### TASK GOAL
Look through the listing below for the line with "Bizcocho suave con" and the line with "রিউমর স্ক্যানারের অনুসন্ধানে". Copy both, along with every line between them, exactly and with no pictures.
:: PROVIDED DATA
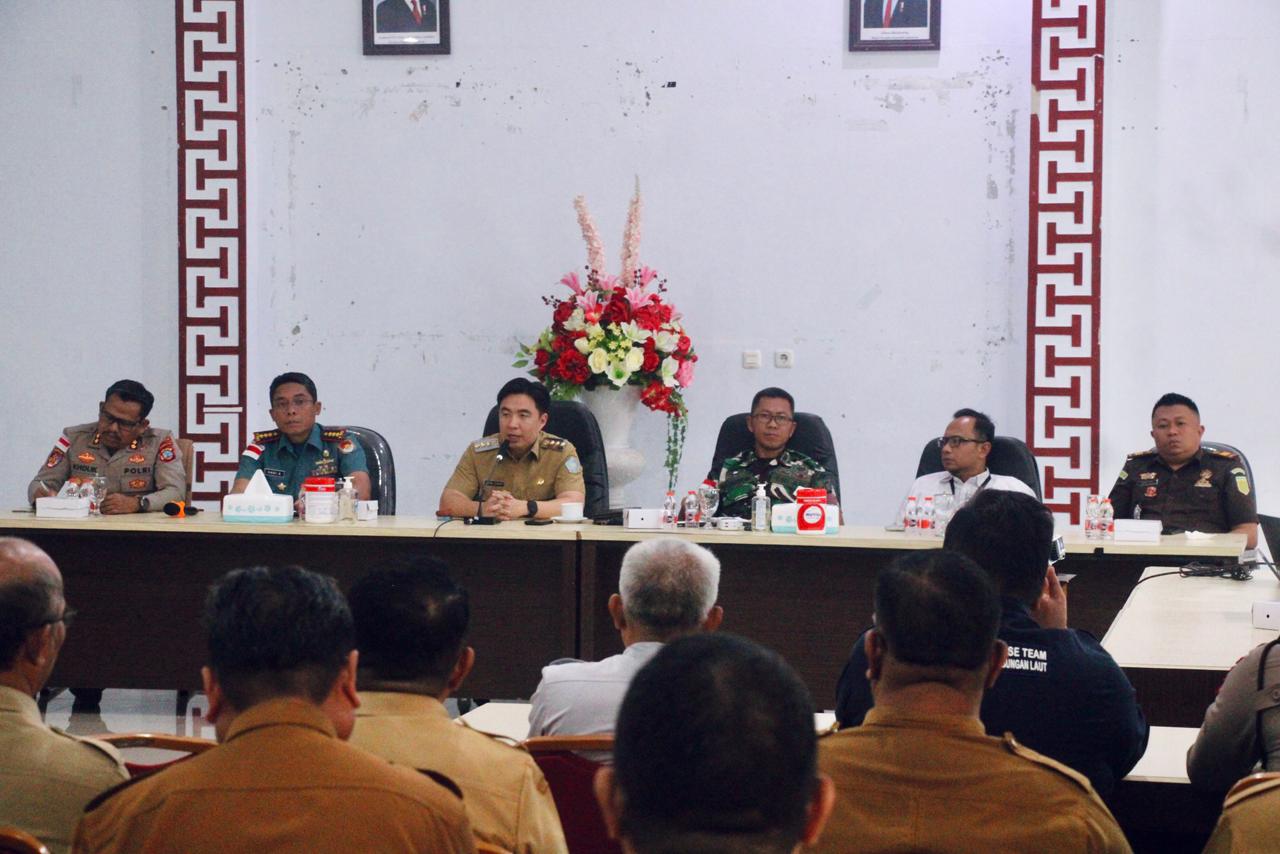 Rapat tersebut dipimpin langsung oleh Bupati Kepulauan Sangihe, Michael Thungari, S.E., M.M., dan dihadiri unsur Forum Koordinasi Pimpinan Daerah (Forkopimda), pimpinan instansi vertikal, jajaran pemerintah daerah, serta panitia pelaksana HUT daerah dan Tulude.
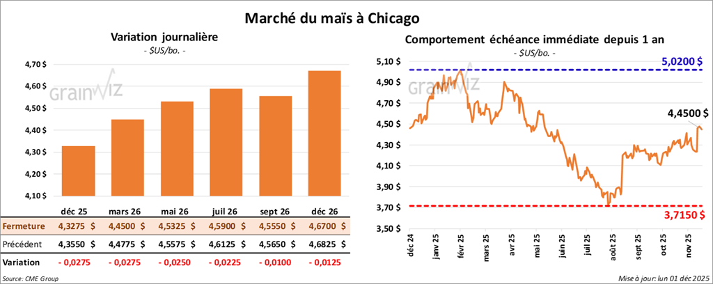 Le contrat de maïs américain décembre 25 a clôturé à 4,3275 $ (- 2 ¾ cents). Celui mars 26 a fermé à 4,4500 $ (- 2 ¾ cents). Celui mai 26 a terminé à 4,5325 $ (-2 ½ cents).
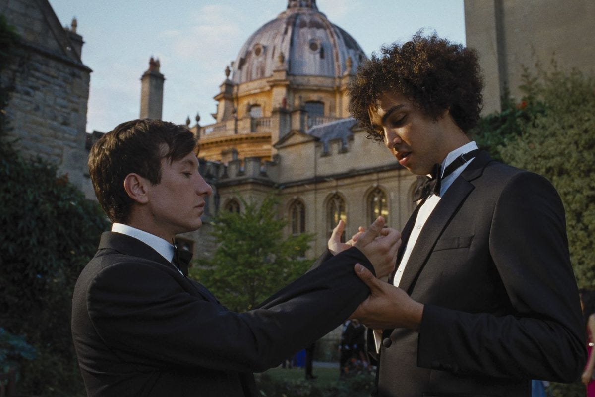 When we first meet Oliver, played by Barry Keoghan, he’s an awkward young man struggling to fit in at Oxford. He becomes enamored with his handsome and wealthy classmate Felix, played by Jacob Elordi. Taking pity on Oliver, Felix invites him to spend the summer at his family’s estate, Saltburn. There, lust, longing, and deception make a relaxing summer spiral into a bad acid trip amidst the stuffy and peculiar backdrop of British old money.
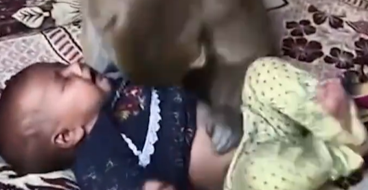 事情发生在印度北方邦,有一只猴子突然闯进了一户人家,劫持了一名3个月大的婴儿。它没有伤害这个婴儿,而是轻轻地抚摸这个婴儿,陪着婴儿玩耍,而当其他人想去救下这个婴儿时,这只猴子就会攻击其他人,不让其他人救走婴儿。最后,有人用手机吸引了这只猴子的注意力,才成功将孩子救了下来。
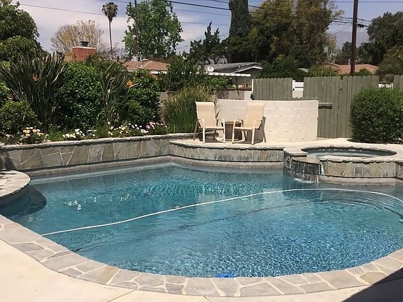 Single Story with Gorgeous Pool Home with Solar Panels!! - This lovely home is approximately 1900' and includes 3 bedrooms and 2 bathrooms and a 2-car garage. The home has a sparkling pool, spa and beautiful landscape. The home features kitchen with granite counters, stainless steel appliances, (refrigerator on premises is for tenants use but will not be replaced or repaired) abundant cherry wood cabinets, large living room with fireplace, and a huge family room which leads to the backyard, covered patio and spa. There are 2 sheds on the property however only 1 shed is available for tenants use.This home has a lot of charm and character and must be seen to be appreciated. The home has solar panels so the tenant will not have an electricity bill! Pool and gardening service included. No pets allowed and no smoking. Tenant must carry renter's insurance for the duration of tenancy and must provide a copy of the policy when signing the lease. No Cats Allowed (RLNE4045253)
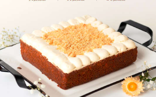 Bizcocho suave con zanahoria y especias, sin azúcar añadida, cubierto con cremoso de queso.
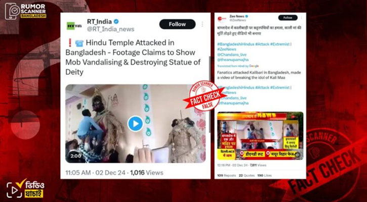 রিউমর স্ক্যানারের অনুসন্ধানে জানা যায়, ভিডিওটি বাংলাদেশে নয়, বরং ভারতের পূর্ব বর্ধমান জেলার খণ্ডঘোষ সুলতানপুর গ্রামে প্রতিমা বিসর্জনের দৃশ্য। ভিডিওটি বাংলাদেশের হিন্দু মন্দিরে হামলার সঙ্গে সম্পর্কিত নয়।
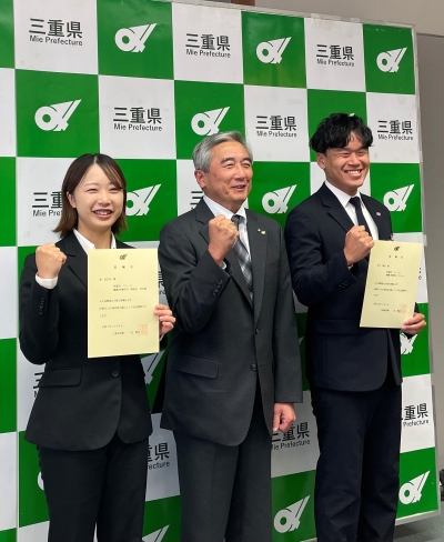 (向かって左から)みえ国際協力大使 森 亜友奈さん、三重県副知事 服部 浩、みえ国際協力大使 市川 兼伍さん ※出席予定だった増山 日和子さんは欠席されました。
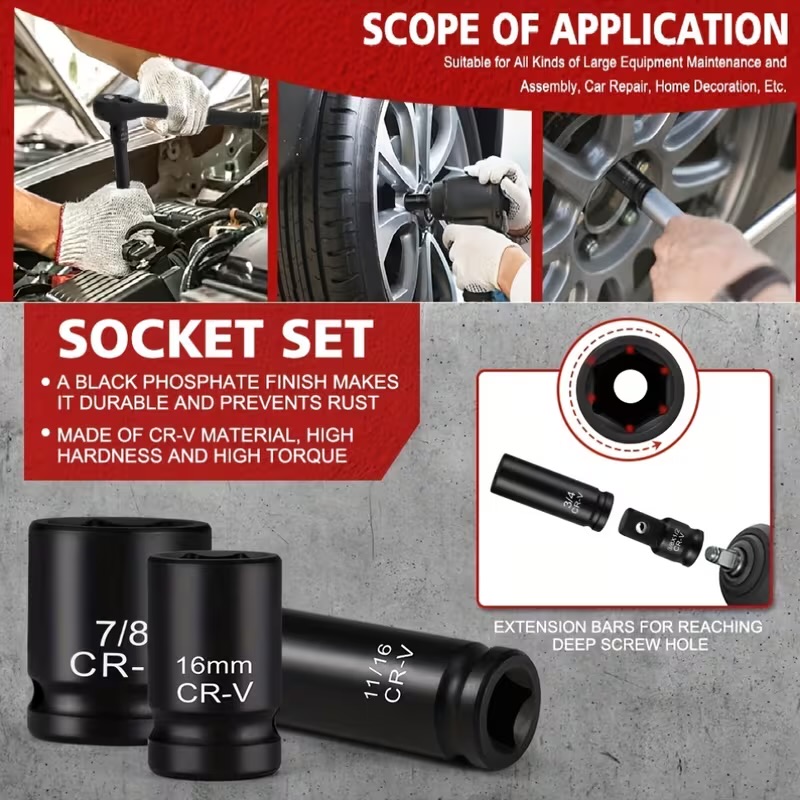66 piece heavy duty 1/2 inch drive impact socket set with 6 point sockets, ratchet handle and extension bar. Covers common metric 8–24 mm and SAE 3/8–1 1/4 sizes in a tough storage case, ideal for automotive, machinery and farm workshop jobs where you want one main kit to grab and go.
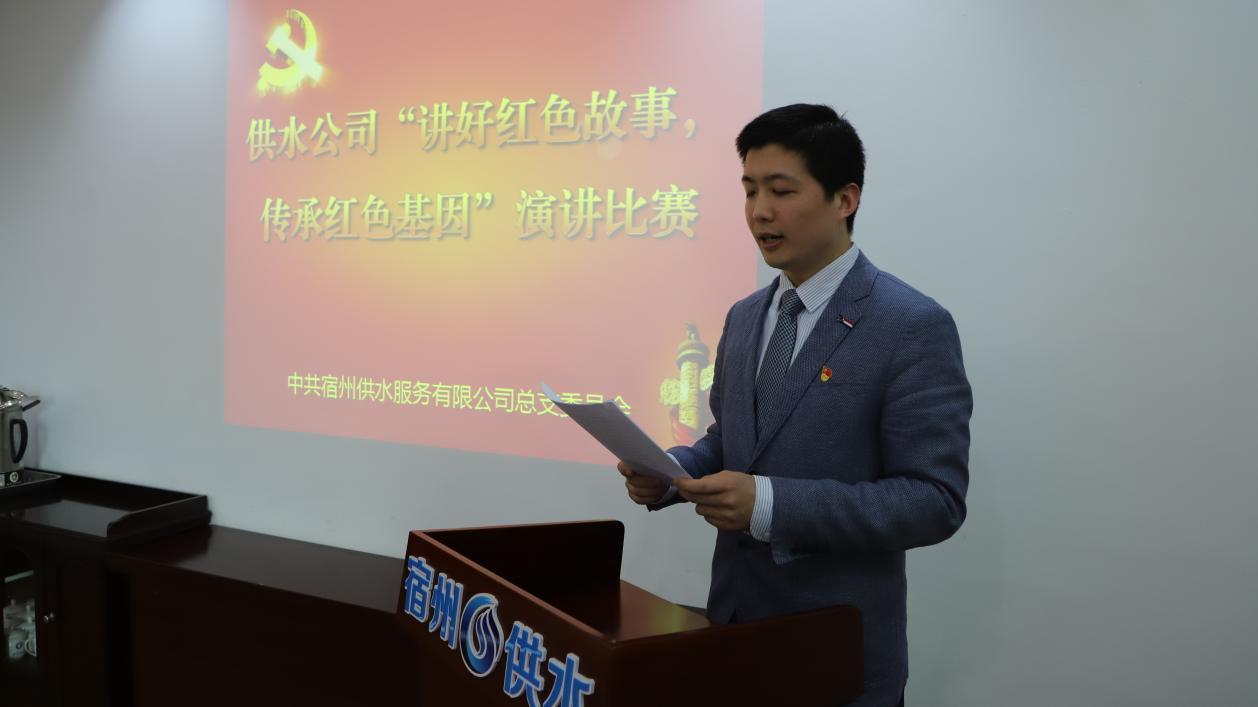 为认真学习贯彻习近平新时代中国特色社会主义思想,提升基层党组织凝聚力、战斗力,带动党员干部从党史中学出情感、学出认同、学出信念,引导党员干部传承红色基因、担当时代责任,宿州供水公司于4月13日下午开展了 “讲好红色故事 传承红色基因”党史教育演讲比赛。
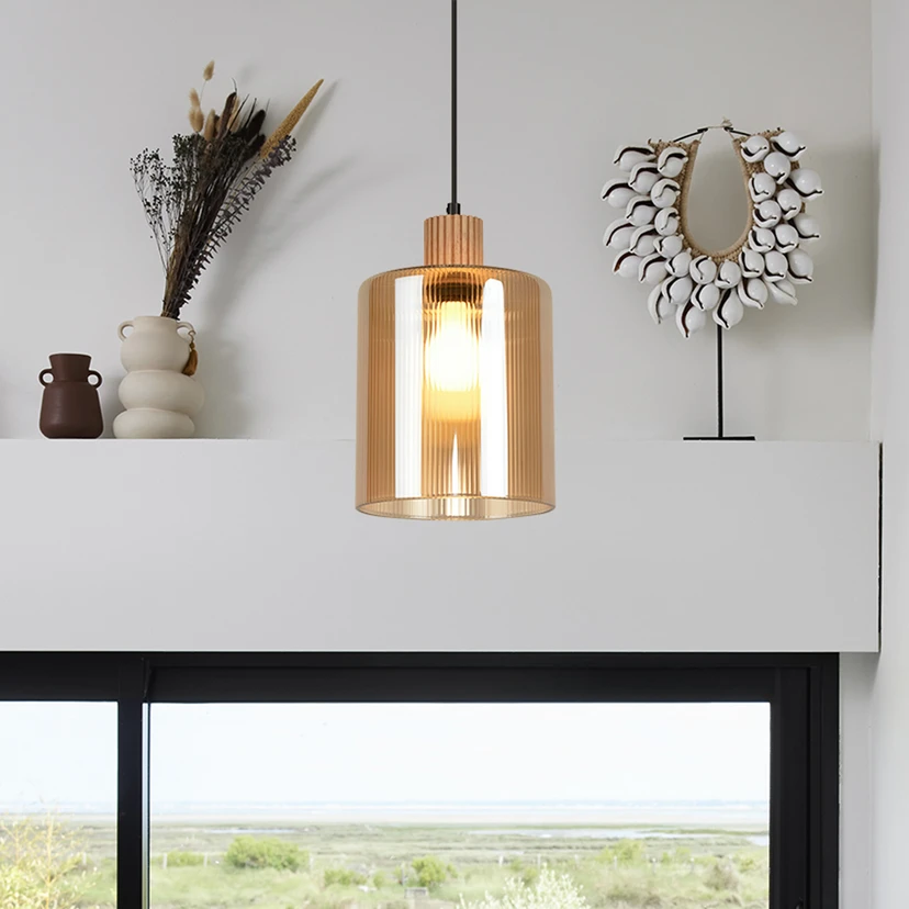 Żyrandol Giovanni łączy takie materiały jak szkło, drewno i metal, tworząc stylowy obiekt designerski. Bursztynowa, żłobkowana powierzchnia szkła zapewnia ciepłe, nastrojowe światło, które nadaje pomieszczeniom, takim jak salon, jadalnia, kuchnia czy przedpokój, przytulną atmosferę. Naturalny akcent drewna uzupełnia nowoczesną stylistykę i tworzy harmonijne połączenie elegancji i naturalności.
::::
### RESULT FOR THIS EXERCISE
 Bizcocho suave con zanahoria y especias, sin azúcar añadida, cubierto con cremoso de queso.
 রিউমর স্ক্যানারের অনুসন্ধানে জানা যায়, ভিডিওটি বাংলাদেশে নয়, বরং ভারতের পূর্ব বর্ধমান জেলার খণ্ডঘোষ সুলতানপুর গ্রামে প্রতিমা বিসর্জনের দৃশ্য। ভিডিওটি বাংলাদেশের হিন্দু মন্দিরে হামলার সঙ্গে সম্পর্কিত নয়।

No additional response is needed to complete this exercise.